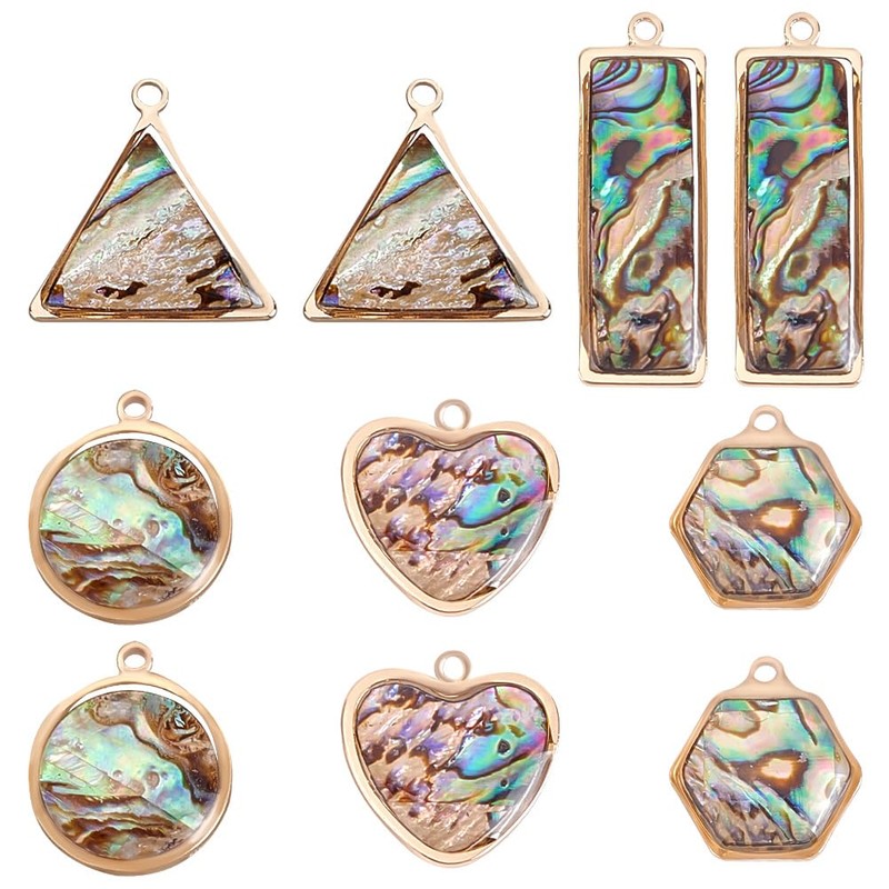 - 5 Styles: These abalone shell pendants in 5 different styles, included heart, flat round, rectangle, triangle, hexagon. The abalone charms shows a bright color, this makes it very unique and eye-catching. Can give you more choice to make jewellery for summer party, flexible to match with your dressing, bring more vitality this summer.
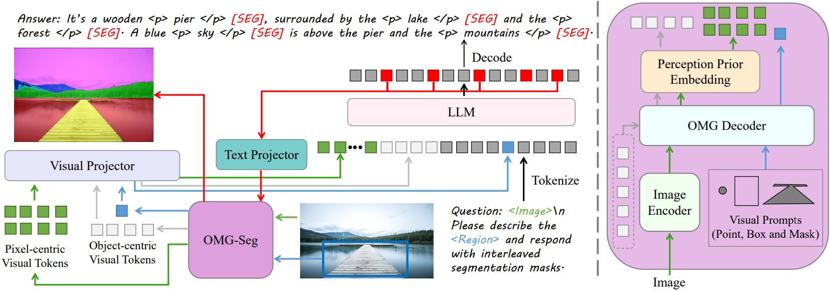사전 훈련된 OMG-Seg는 훈련 내내 고정된 상태로 유지되는데, 그러면 LLM과 잘 정렬되지 않기 때문에 object query를 image feature에 통합하는 perception prior embedding 과정을 추가한다.
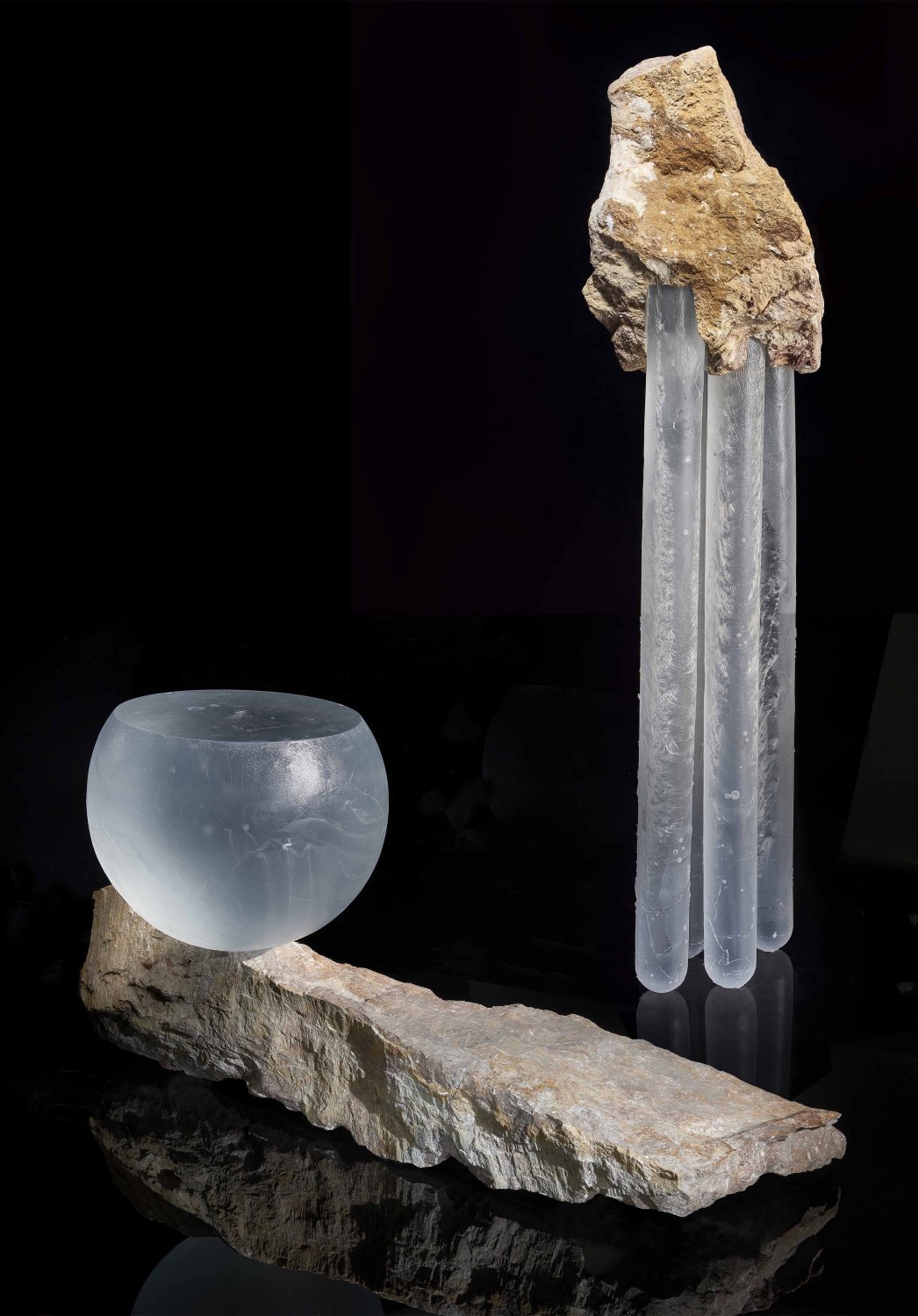 Diplomová práce se zabývá pojem monumentality, tím jak ji lidé vnímají a také aplikací těchto prvků do skulpturálního designu. Dva objekty tvoří kombinace taveného křišťálového skla a červeného mramoru. Tyto konstelace mají za cíl vzbudit v divákovi emoce spojené s pocity ohrožení a nerovnováhy. Zároveň je pomocí těchto objektů zkoumána hranice funkčnosti. Vzhledem k použití hrubého lomového kamene, dochází k jistému momentu unikátnosti.

—————

*TASK BRIEF*
In your copy, leave out the pictures and reproduce the material above exactly.

*ANSWER TO THE EXERCISE*
 - 5 Styles: These abalone shell pendants in 5 different styles, included heart, flat round, rectangle, triangle, hexagon. The abalone charms shows a bright color, this makes it very unique and eye-catching. Can give you more choice to make jewellery for summer party, flexible to match with your dressing, bring more vitality this summer.
사전 훈련된 OMG-Seg는 훈련 내내 고정된 상태로 유지되는데, 그러면 LLM과 잘 정렬되지 않기 때문에 object query를 image feature에 통합하는 perception prior embedding 과정을 추가한다.
 Diplomová práce se zabývá pojem monumentality, tím jak ji lidé vnímají a také aplikací těchto prvků do skulpturálního designu. Dva objekty tvoří kombinace taveného křišťálového skla a červeného mramoru. Tyto konstelace mají za cíl vzbudit v divákovi emoce spojené s pocity ohrožení a nerovnováhy. Zároveň je pomocí těchto objektů zkoumána hranice funkčnosti. Vzhledem k použití hrubého lomového kamene, dochází k jistému momentu unikátnosti.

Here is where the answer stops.